He went both faster and steadier on his bare feet. And when he got into the kitchen garden, it recalled Miss Betty to his mind. And he shook his head, and said, "Naughty boy!" And then he went up the left-hand border, mowing the tulips as he went; after which he trotted home, and met Thomasina at the back door. And he hugged the sheaf of rose-coloured tulips in his arms, and said, "John Broom a very naughty boy!"

Thomasina was not sentimental, and she slapped him well—his hands for picking the tulips, and his feet for going barefoot.

But his feet had to be slapped with Thomasina's slipper, for his own shoes could not be found.

In spite of all his pranks, John Broom did not lose the favor of his friends. Thomasina spoiled him, and Miss Betty and Miss Kitty tried not to do so.

The parson had said, "Treat the child fairly. Bring him up as he will have to live hereafter. Don't make him half pet and half servant." And following this advice, and her own resolve that there should be "no nonsense" in the matter, Miss Betty had made it a rule that he should not be admitted to the parlor. It bore more heavily on the tender hearts of the little ladies than on the light heart of John Broom, and led to their waylaying him in the passages and gardens with little gifts, unknown to each other. And when Miss Kitty kissed his newly-washed cheeks, and pronounced them "like ripe russets," Miss Betty murmured, "Be judicious, sister Kitty;" and Miss Kitty would correct any possible ill effects by saying, "Now make your betters, John Broom, and say, 'Thank you, ma'am!'" which was accomplished by the child's giving a tug to the forelock of his thick black hair, with a world of mischief in his eyes.

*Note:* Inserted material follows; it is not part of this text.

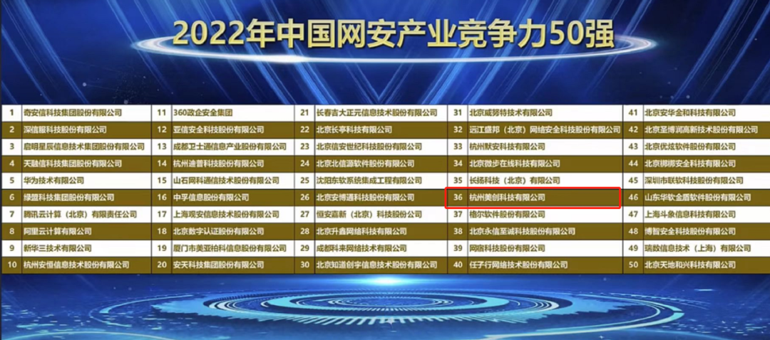 2022年6月23日,由中国网络安全产业联盟(CCIA)发起,数说安全提供研究支持的 “2022年CCIA中国网络安全竞争力50强”(以下简称“CCIA 50强”)正式发布。凭借在数据安全领域的领先优势,美创科技再次入选,综合排名第36。

When he was old enough, the little ladies sent him to the village school.

The total failure of their hopes for his education was not the smallest of the disappointments Miss Betty and Miss Kitty endured on his behalf. The quarrel with the lawyer had been made up long ago, and though there was always a touch of raillery in his inquiries after "the young gipsy," he had once said, "If he turns out anything of a genius at school, I might find a place for him in the office, by-and-by." The lawyer was kind-hearted in his own fashion, and on this hint Miss Kitty built up hopes, which unhappily were met by no responsive ambition in John Broom.

As to his fitness to be an errand boy, he could not carry a message from the kitchen to the cowhouse without stopping by the way to play with the yard-dog, and a hedgehog in the path would probably have led him astray, if Thomasina had had a fit and he had been despatched for the doctor.

During school hours he spent most of his time under the fool's cap when he was not playing truant. With his schoolmates he was good friends. If he was seldom out of mischief, he was seldom out of temper. He could beat any boy at a foot race (without shoes); he knew the notes and nests of every bird that sang, and whatever an old pocket-knife is capable of, that John Broom could and would do with it for his fellows.

Miss Betty had herself tried to teach him to read, and she continued to be responsible for his religious instruction. She had hoped to stir up his industry by showing him the Bible, and promising that when he could read it he should have it for his "very own." But he either could not or would not apply himself, so the prize lay unearned in Thomasina's trunk. But he would listen for any length of time to Scripture stories, if they were read or told him, especially to the history of Elisha, and the adventures of the judges.

Indeed, since he could no longer be shut up in the drying-ground, Thomasina had found that he was never so happy and so safe as when he was listening to tales, and many a long winter evening he lay idle on the kitchen hearth, with his head on the sheep dog, whilst the more industrious Thomasina plied her knitting-needles, as she sat in the inglenook, with the flickering firelight playing among the plaits of her large cap, and told tales of the country side.

Not that John Broom was her only hearer. Annie "the lass" sat by the hearth also, and Thomasina took care that she did not "sit with her hands before her." And a little farther away sat the cowherd.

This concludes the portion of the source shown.